On this day in 1967, President Lyndon B. Johnson meets with Soviet Premier Aleksei Kosygin. Hopes for better U.S.-Soviet relations run high as U.S. President Lyndon B. Johnson meets with Soviet Premier Aleksei Kosygin in Glassboro, New Jersey, for a three-day summit. The meeting ended inconclusively, however, as issues such as Vietnam and the Middle East continued to divide the two superpowers.

Background

With the United States gradually losing ground in the Vietnam War, the administration was looking for other solutions to the conflict.

On 5 June 1967 the Six-Day War began between Israel and the Arab states. The war led to an increase in Soviet-US diplomatic contact and cooperation; there were some who hoped this could continue to help the US solve the Vietnam war and other pressing international issues. Several days later the Soviet Union sent Premier Alexei Kosygin to New York to hold a speech on the then-ongoing Middle Eastern crisis at the United Nations headquarters. When the United States government was informed of this the Americans gladly welcomed Kosygin to a meeting between him and President Lyndon B. Johnson. On 13 June 1967 Johnson sought out J. William Fulbright, a Senator, at a White House reception. Llewellyn Thompson, then US ambassador to the USSR, believed that a conference could “start the process of moving toward an understanding with the Soviets”. Fulbright even believed that Johnson was reconsidering his Vietnam strategy. Later Fulbright wrote two letters to Johnson about the importance of a summit between the two nations. Johnson agreed, and wrote a letter in return, which said they were waiting for a Soviet response for US invitation. Walt Rostow, the National Security Adviser at the time, said it was a 20 percent chance of the summit having a good effect on Soviet-US relations, and only a 10 percent chance of the summit going awry.
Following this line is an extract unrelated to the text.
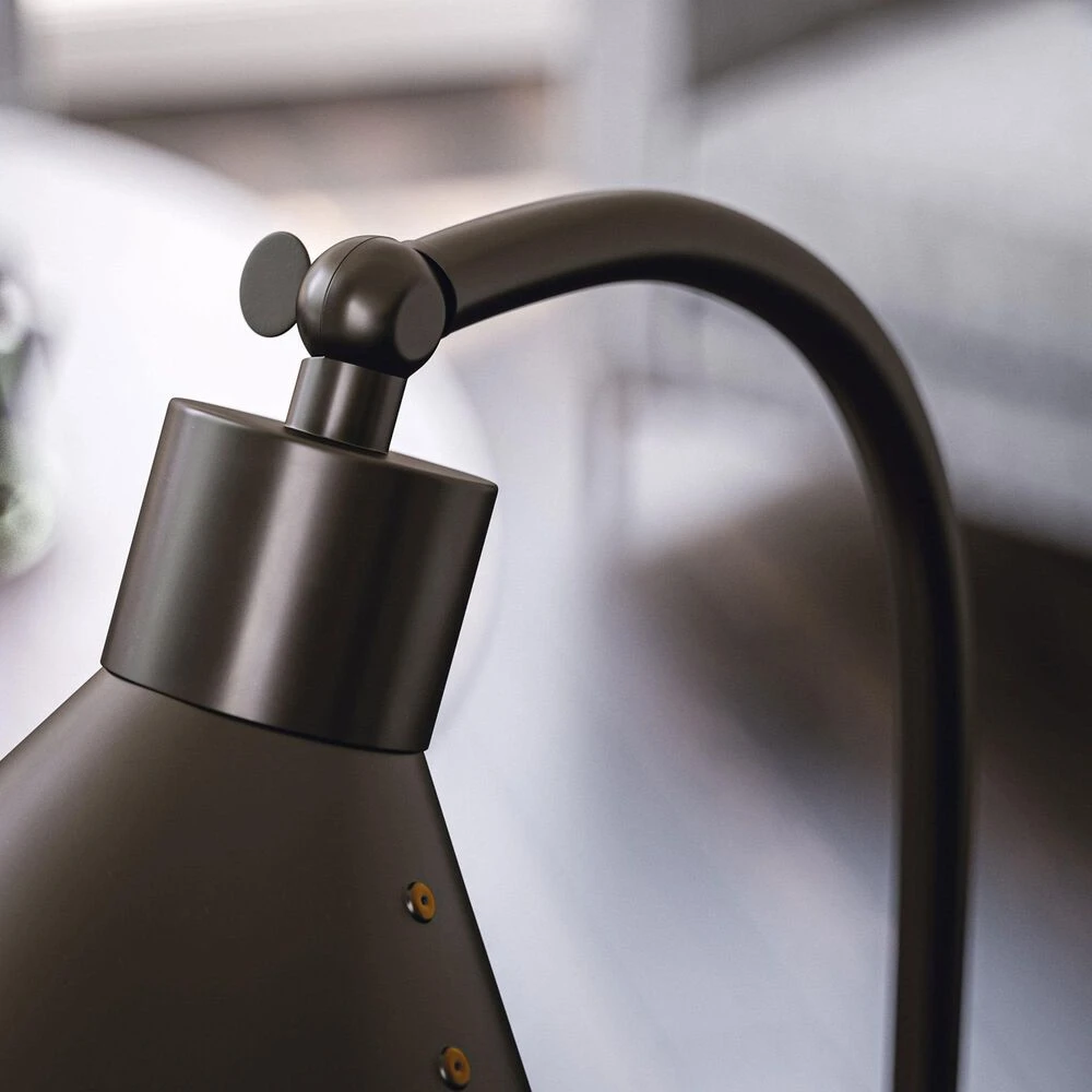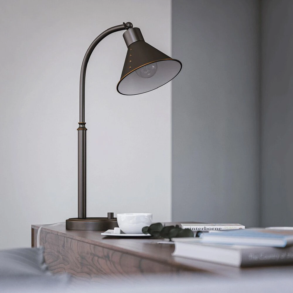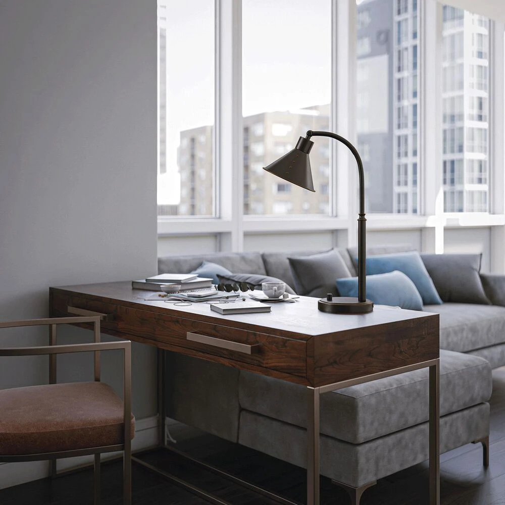 Standing at 23 inches high, this desk lamp features an on/off switch on the rounded base of the light, giving you easy access to it anytime from anywhere at your desk. With a swiveled shade metal shade, the desk lamp provides downward facing light to provide you with plenty of coverage across your projects. With a rich oil-rubbed bronze finish and a conical lampshade that sports sleek rivet-detailing, the lamp serves as the perfect lighting element in a casual or industrial-inspired workspace, creating plenty of bright directional task lighting for your desktop – perfectly for working from home.

The Soviet Political Bureau (Politburo) were divided over the usefulness of the summit. Andrei Gromyko, the Minister of Foreign Affairs at the time and still not a member of the Politburo, was able to win support for it. Gromyko noted that Soviet-US dialogue which had been suspended in 1963 should be reactivated, despite the Vietnam War putting a great deal strain on the two countries’ relations.

Kosygin agreed to address the United Nations wished to conduct the summit in New York. Johnson, wary of encountering protesters against the war in Vietnam, preferred to meet in Washington, D.C.. Roughly equidistant, Hollybush was selected as a compromise. The summit took place at Glassboro State College (now Rowan University) in Glassboro, New Jersey.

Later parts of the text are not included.